Uwe B. Sleytr (born July 15, 1942 in Vienna, Austria) is an emeritus professor of microbiology and the former head of the Department of Nanobiotechnology at the University of Natural Resources and Life Sciences, Vienna. He is a full member of the Division of Mathematics and Natural Sciences of the Austrian Academy of Sciences and has published approximately 420 scientific papers, 5 books and several patents.

== Biography ==

Sleytr studied food and biotechnology at the University of Natural Resources and Life Sciences, Vienna, graduating with a PhD (Dr. nat. Techn.) in 1970. He subsequently was senior research scientist at the Medical Research Council Laboratory of Molecular Biology and the Strangeways Research Laboratory in Cambridge with a fellowship from the Medical Research Council. In 1973 he received his habilitation in General Microbiology from the University of Natural Resources and Life Sciences, Vienna. He also served as visiting professor at Temple University in 1977-78. In 1980 he was appointed (ad personam sui generis) head of the Department of Nano-Biotechnology and Ludwig Boltzmann Institute for Molecular Nanotechnology at the University of Natural Resources and Life Sciences, Vienna in 1980. He served in this role until 2010 when he became professor emeritus.

Sleytr has been bestowed honorary professorships by the Shanghai Jiaotong University, Sichuan University and the China University of Petroleum.

== Research ==

Sleytr is an early researcher and pioneer in the field of Nanobiotechnology. He first discovered the S-layer Protein which has found important applications as patterning element and toolkit in nano-biotechnology. Sleytr's work has contributed significantly to the fact that today it is recognized that most bacteria and almost all archaea form S-layers as cell surface structure. In addition, Sleytr deals with the connection and interaction of science and art.

Together with Karin Thorne, he was able to prove in 1976 that S-layers can also consist of glycoproteins, which was the first evidence for the glycosylation of a cell wall protein in bacteria. His investigations of the dynamic self-organization of S-layers on growing and dividing cells and the assembly of isolated S-layer monomers in vitro have shown that S-layers are the simplest isopore protein membranes developed during evolution. These results were also the basis for the production of large S-layer ultrafiltration membranes with strictly defined separation (cut off) limits.

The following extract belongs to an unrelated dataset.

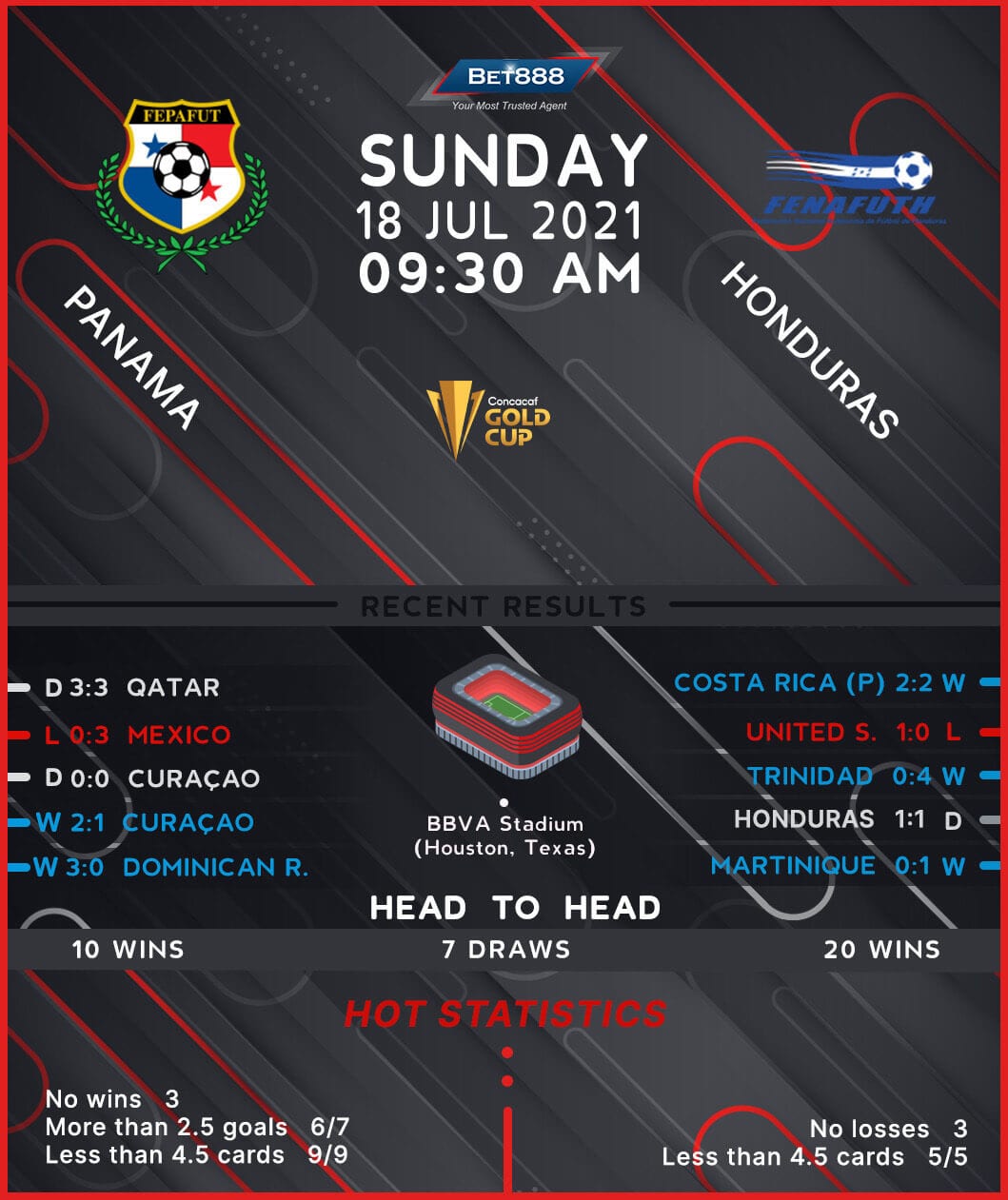 Honduras will be looking to all but nail down a place in the 2021 CONCACAF Gold Cup knock-outs when they lock horns with Panama at the BBVA Compass Stadium.
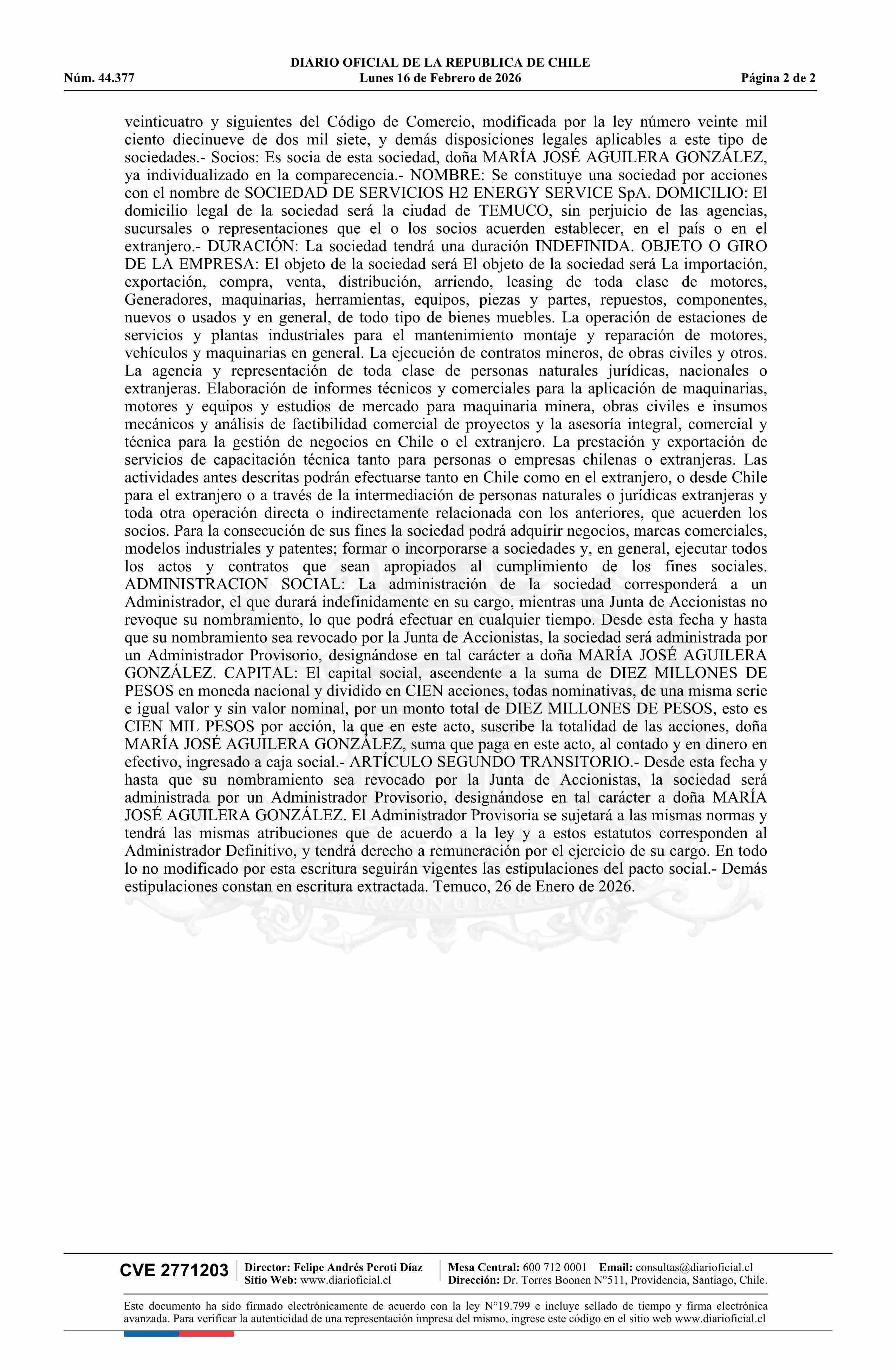 SOCIEDAD DE SERVICIOS H2 ENERGY SERVICES LIMITADA 77.406.305-6*

Major fields of application were derived from the fact that S-layer proteins could be fused with other functional proteins (e.g. ligands, antigens, antibodies, enzymes, peptides) and assembled on solid carriers (e.g. metals, semiconductors, graphene, polymers) and lipid membranes including liposomes, emulsomes, nanoparticles and magnetic beads in the form of regular lattices. Due to their unique repetitive physicochemical properties, S-layers could be used in combination with other biomolecules (proteins, lipids, carbohydrates, nucleic acids, etc.) and nanoparticles as patterning elements and basic building blocks for the production of sometimes very complex supramolecular and biomimetic structures. This also opened up a wide range of applications for S-layers in synthetic biology, biomimetics, nanotechnology, nanomedicine and bio-inspired materials.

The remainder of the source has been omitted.